Hey, so I go into sleep every night whilst also in pain, (maimed my hand previously) and I've almost drowned before, and I can state definitively that they're nothing alike. Drowning, whatever anyone says, is a panicky, terrifying affair. Even as you calm down physically and accept that you're going to die, your body is FREAKING THE FUCK OUT WITH SHEER TERROR. You think, "Oh god, I'm going to die, please no... But it's so quiet under here..." Whilst your body shrieks at you to MOVE OR DO ANYTHING AT ALL TO GET AIR.
Sleeping with pain is more like, "Ah, fuckin'... So sore. Try to relax. Uggggh. REeeeeeelax. Okay, getting tired... How are baseballs made...? -sleep-"
I think people have different susceptibilities to fear, panic and under what circumstances they are driven to such lengths. I remember that I felt no fear and after I realized that I couldn't signal for help and that I had no chance of getting any air (betwixt spasmodic attempts at reaching the surface or attempts to signal help) I just drifted, looking for a way out. Curiously I accepted death but felt no fear of it, with the emotion I felt most suitably describing my state of mind as resigned disappointment. I think now were I in the same situation in the sea for example I'd be more energetic, probably more susceptible to panic, but as I couldn't swim back then I guess my survival instincts were doing their best by doing nothing at all. Or in other words, if you are capable of prolonging the inevitable, your instincts are going to try and make you do so. It really was quiet, though that was no comfort, for I couldn't even hear my own screams for help - nothing would escape the water of course, but I think that calm was my instincts getting me to stop and conserve oxygen. The pain was there but the mind just sorted tuned it out, it was only when I was back on land that I noticed that the pain was painful, though I will say breathing in water is much less painful than chest infections (really, breathing in large quantities of water is painful in a manner quite unlike any other pain). Sleeping with pain also varies by the pain and such, cos when you're coughing your way in and out of consciousness or sitting in a hot tub till it turns cold cos you want the vomiting to stop then it all just becomes one very long and painful day that doesn't end, because you're too exhausted to go on yet you're too pained to pass out. 0/10 would rather drown than have that pain
But then again there's the kind of pain caused by physical damage like getting bonked on the head terribly so, and that one is less like a marathon of pain and more like the Soviet Army conducting deep battle operations inside your nerves
Ah, I get ya. I've known how to swim almost my entire life, barring about four years at the very beginning. (Born with Mammalian diving reflex, must learn2swim immediately, very important) so my body was fully wired to swim to the surface, but I was restrained by another human. I don't exactly want to explain the circumstances, but I was drowning, being forced to drown, and fighting it viciously. I will agree that inhaling water is a pain unlike any other.

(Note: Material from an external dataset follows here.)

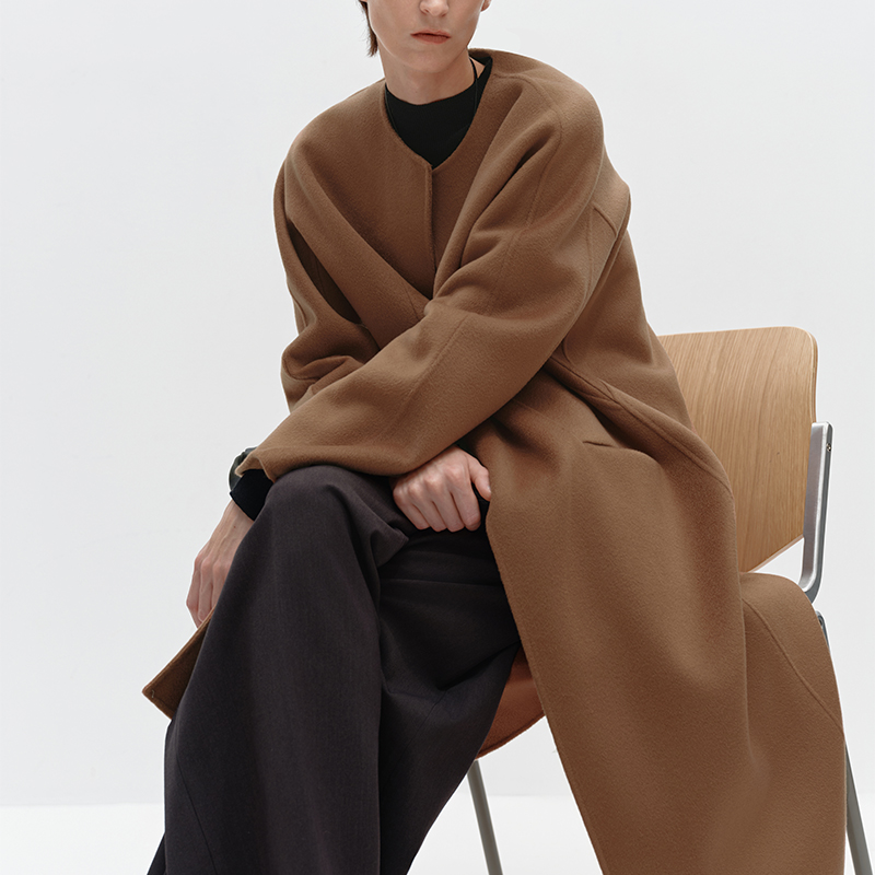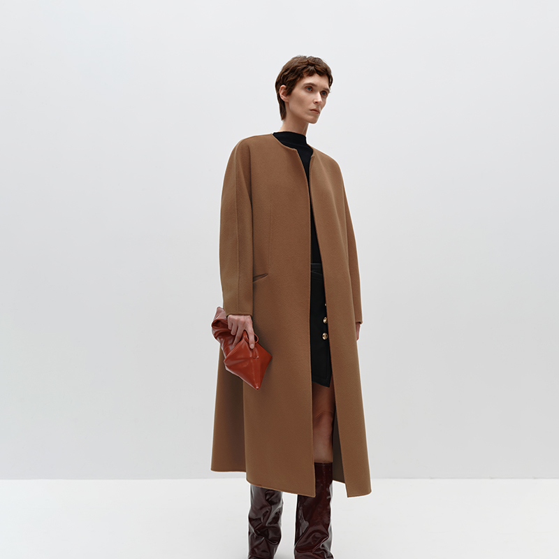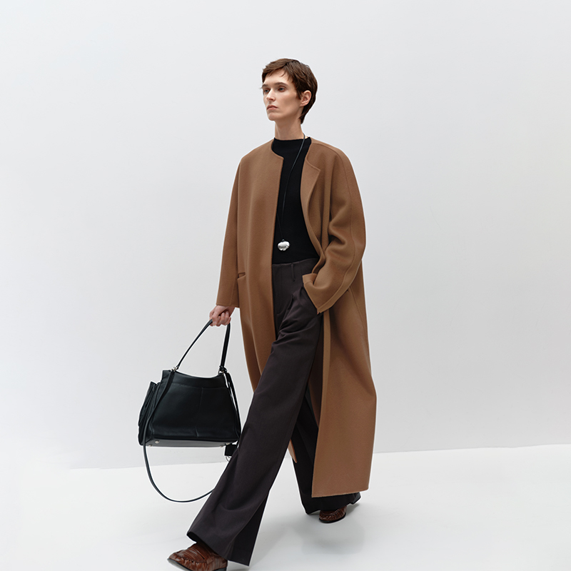 MISS 山羊绒大衣女披风外套 BUCCI圆领中长款
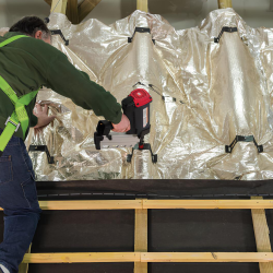 ACTIS TRISO-TOITURE è una soluzione di isolamento certificata UNI EN 22097:2023 che assicura isolamento termico sia invernale che estivo con elevate prestazioni termiche R ≥ 6,45 m² K/W, isolamento acustico e tenuta all’acqua e all’aria.

Mind you, my hand isn't a constant, dear-lord-if-you-exist-let-me-die-instead pain, more of a intermittent either no pain or extreme pain, slightly short of let-me-die-ism. I've had SADO pain before, but rarely, and thankfully so. When I was swarmed by hornets at a young age was so. I could... I could FEEL the toxins in my heart and limbs, flowing through me and killing me softly. I felt my lungs wheezing and my throat clenching from the apitoxin. I was so agonized I literally couldn't move the entire time I was taken to the hospital, then worked on. It was a deeply enlightening experience, and ever since then, I dedicated myself to learning as much as I possibly could about things that frightened me. Death first, phobias second. I know so much about bees and sharks and drowning and falling too far nowadays, it's ridiculous, but the knowledge helps me deal. I'm generally unflappable as far as fear goes, these days. But I still would never ever cave-dive. Fuuuuuuuck that.
I just hope I never get stung again, cuz they said I'm almost definitely allergic (113 stings on my upper chest, front. They stopped counting then.) and I am sure I would die in wheezing, suffocating agony as my body quickly betrayed me and shut it's primary O2 exchange system down instead of processing a minor amount of apitoxin.